Adviser who must be heard

28th September 2001 at 01:00
Whitehall, not inner-London schools, is the scene of the latest recruitment crisis. Scarcely had advertisements for the standards and effectiveness unit head and chief inspector of schools hit the press than Professor David Hargreaves, chief executive of the Qualifications and Curriculum Authority, announced his resignation. The pool of senior education figures available for these jobs is dwindling as talented managers head for fashionable private-sector pastures (page 6).

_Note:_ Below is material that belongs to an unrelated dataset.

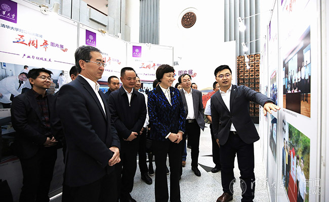 陈旭认真观看清华对口帮扶南涧五周年工作图片展 殷昊 摄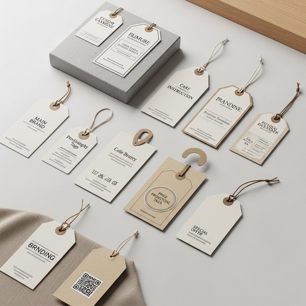 Brand tags, care instructions, and promotional hang tags for customer engagement.

Professor Hargreaves, in particular, will be difficult to replace. Just as he was beginning to voice valid concerns - too much testing, the need to trust the profession more, the importance of a fundamental overhaul of the curriculum and exams for pupils aged between 14 and 19 - he has decided that it would be better for a younger person to pilot the cumbersome machinery of the exams quango through the next few years. Unlike many of those who operate within the orbit of what his predecessor, Nick Tate, called the Government's "media manipulation machine", he has spoken his mind. No one has dared tell David Hargreaves, as a civil servant once told Dr Tate, that he must keep his mouth shut.

The Government should resist the temptation to fill the vacant posts with compliant second-raters who will get the test papers out on time without asking the big questions which Professor Hargreaves has begun to pose. As the centre tightens its grip on everything from spelling lists for 12-year-olds to a common test for five-year-olds, the need for ceativity has never been more urgent. Ministers say they want state schools to innovate but the opportunities for heads coping with teacher shortages and supposedly "voluntary" initiatives are limited. At present, only private schools, which will next week consider ripping up the national curriculum and exam system, are challenging ministerial assumptions.

A combination of high-level professional competence and original ideas is what education policy now needs. Congratulations to Ms Morris on her decision to keep Professor Hargreaves as an adviser. Bigger congratulations will follow if she listens to his advice.